Wisely, “Blood & Treasure” follows the path well trod by adventures past and populates its supporting and guest roles with pitch-perfect character actors. The likes of James Callis, Michael James Shaw, and Byron Mann clap ostentatious hands to rudder, navigating treacherous waters of exposition with carefree aplomb. Such waters are a necessity of the format — it’s hard to build episodic treasure hunts toward an overarching story without a few info dumps. The production value more than makes up for this shortcoming, particularly in the second season’s stunning location shoots. Though it’s by no means perfect, among its peers on the list, “Blood & Treasure” perhaps most embodies the moral to most of these stories — that true treasure can sometimes come from the most unlikely places. In this case, CBS, originally.
And while “Blood & Treasure” spent its first few years of life languishing on various low-rent streamers, it moved with its second season to Paramount+, marking something of a happy ending for the show.
‘Armour of God II: Operation Condor’ (1991)
This relatively standalone follow-up to “Armour of God” — remembered, peculiarly, as Jackie Chan’s attempt at Indiana Jones, though this is closer in spirit and story — is a hell of a romp for people who enjoy watching other people follow old maps. Chan plays the tragically-named Asian Hawk, a daredevil treasure hunter who seems magnetized to breakable surfaces.
Like most of Chan’s films in his prime, the plot is loose pretext meant to flavor a series of gleefully ridiculous brawls. Even without grading on that curve, there’s enough coherence here to appease fans who may not derive joy from acrobatic fits of violence; they even found a few plot twists in the budget. Hawk, too, is thinly defined, but Chan’s outrageous charisma buoys the character through his search for World War II treasure.
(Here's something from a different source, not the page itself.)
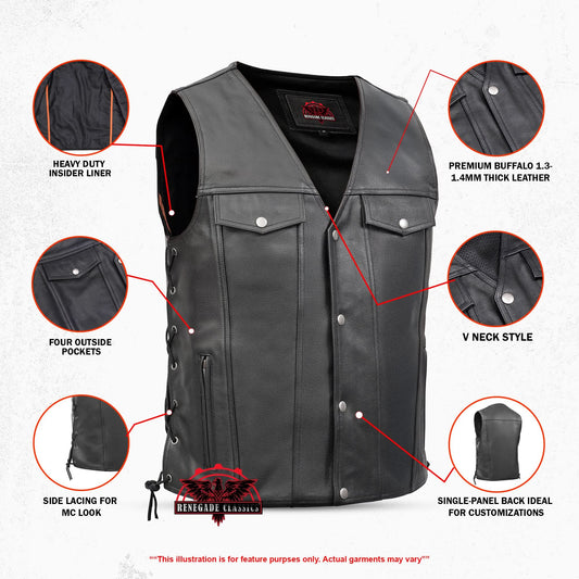 Men's Black Leather Vest with Side Laces and Smart Access Pockets
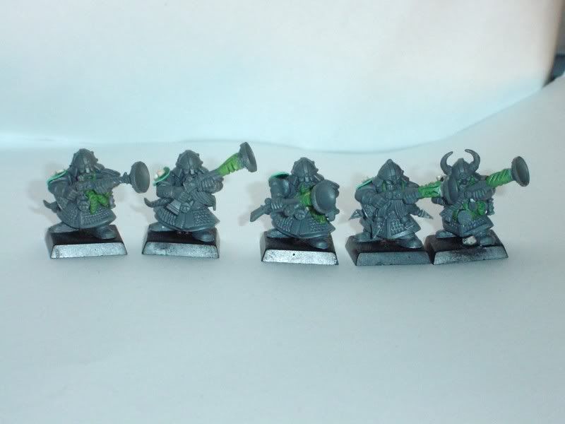 im really liking the masks. your greenstuff work looks really good. if i have anything negative to say it is that maybes the blunderbusses look too much like regular dwarves still, although im sure they wont once they are all painted and match.

The film — like most of Chan’s oeuvre and the moniker of Asian Hawk — does have a few elements that certainly haven’t gotten better with age, particularly its treatment of its female characters.
With that sizable caveat, though, on thrills alone, I’m hard pressed to think of a more lockjaw-curative adventure film that doesn’t start with“Indiana Jones and the” and end with John Williams’ “Raiders March.” The third act is the age-old dopamine delivery system known as Sheer Lunacy — trust me, I’m a psychology major — in which Chan and playmates ricochet from girder to wind turbine with maniacal vim.
You’ll be left gasping, “I can’t believe no one died!” — the bloopers over the credits will reveal that many very nearly did. They truly don’t make them like this anymore, and while that’s probably for the best, I’m beyond grateful that they once did. Just in case this wasn’t sounding on-brand enough, “Operation Condor” is best watched in its longer Hong Kong cut, if you can find it.